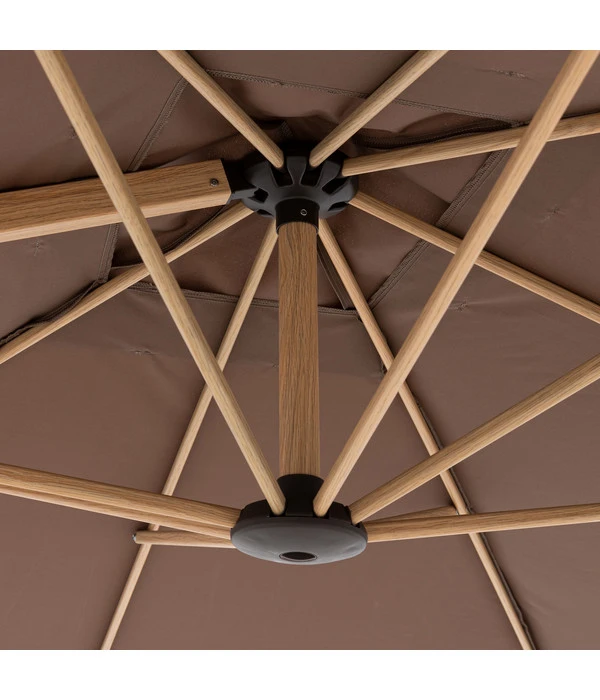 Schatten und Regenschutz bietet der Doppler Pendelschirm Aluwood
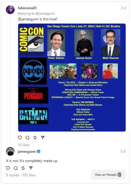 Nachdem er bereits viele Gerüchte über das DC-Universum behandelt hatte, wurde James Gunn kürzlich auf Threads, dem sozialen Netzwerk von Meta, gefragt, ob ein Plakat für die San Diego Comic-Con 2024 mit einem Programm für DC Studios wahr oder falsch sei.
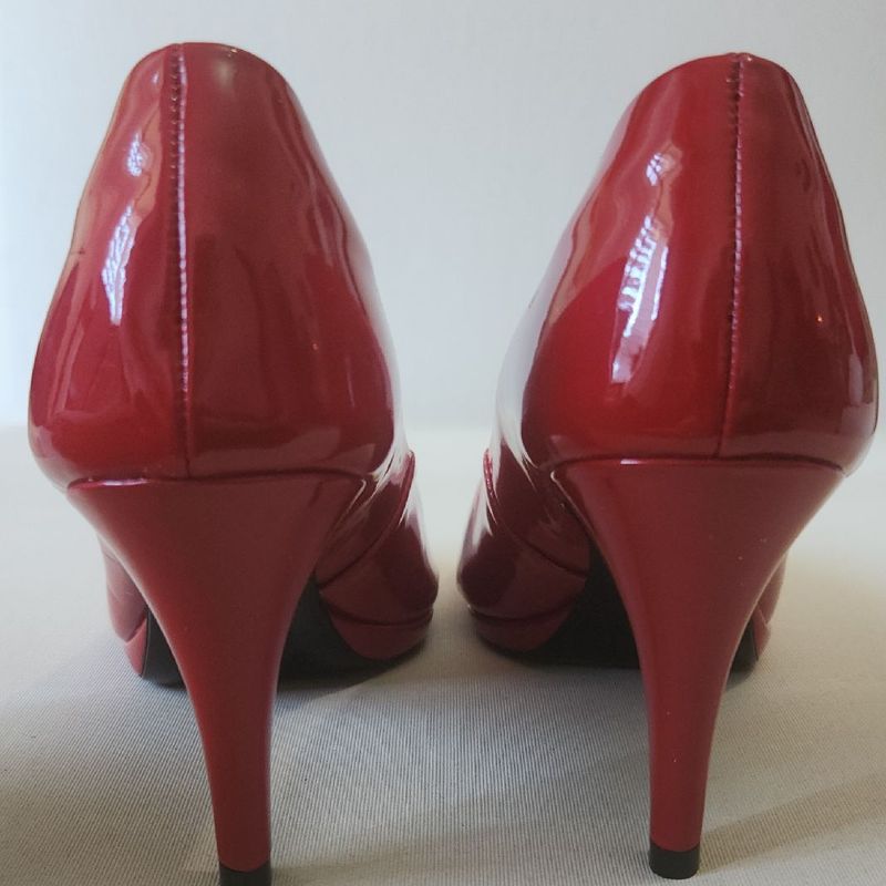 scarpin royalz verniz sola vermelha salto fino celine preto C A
..............................
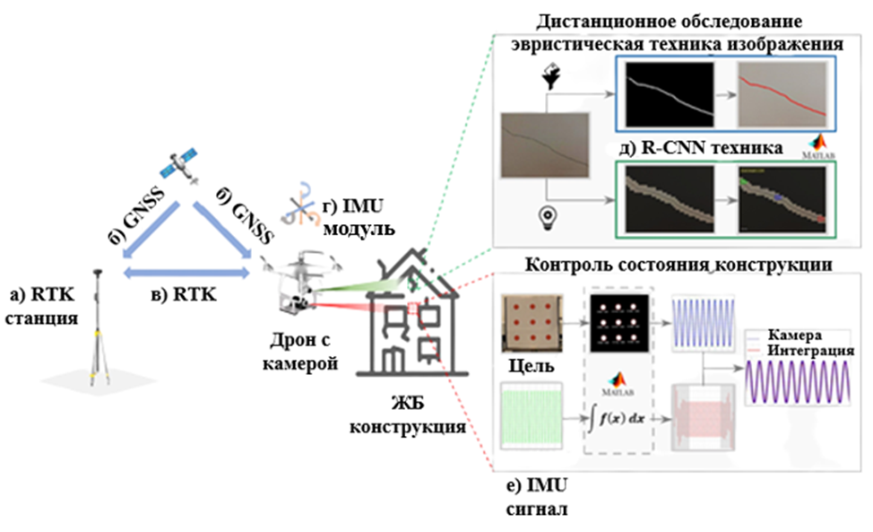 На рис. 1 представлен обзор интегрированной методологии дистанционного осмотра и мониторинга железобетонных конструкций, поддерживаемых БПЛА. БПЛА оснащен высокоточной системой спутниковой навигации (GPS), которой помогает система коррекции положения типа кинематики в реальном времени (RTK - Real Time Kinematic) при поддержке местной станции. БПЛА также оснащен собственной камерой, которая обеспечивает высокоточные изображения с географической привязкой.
..............................
# What the task asks
Please transcribe exactly the part of the records that opens with the line containing "Schatten und Regenschutz" and closes with the line containing "scarpin royalz verniz", both ends included, and leave out the pictures.

# Finished task
 Schatten und Regenschutz bietet der Doppler Pendelschirm Aluwood
 Nachdem er bereits viele Gerüchte über das DC-Universum behandelt hatte, wurde James Gunn kürzlich auf Threads, dem sozialen Netzwerk von Meta, gefragt, ob ein Plakat für die San Diego Comic-Con 2024 mit einem Programm für DC Studios wahr oder falsch sei.
 scarpin royalz verniz sola vermelha salto fino celine preto C A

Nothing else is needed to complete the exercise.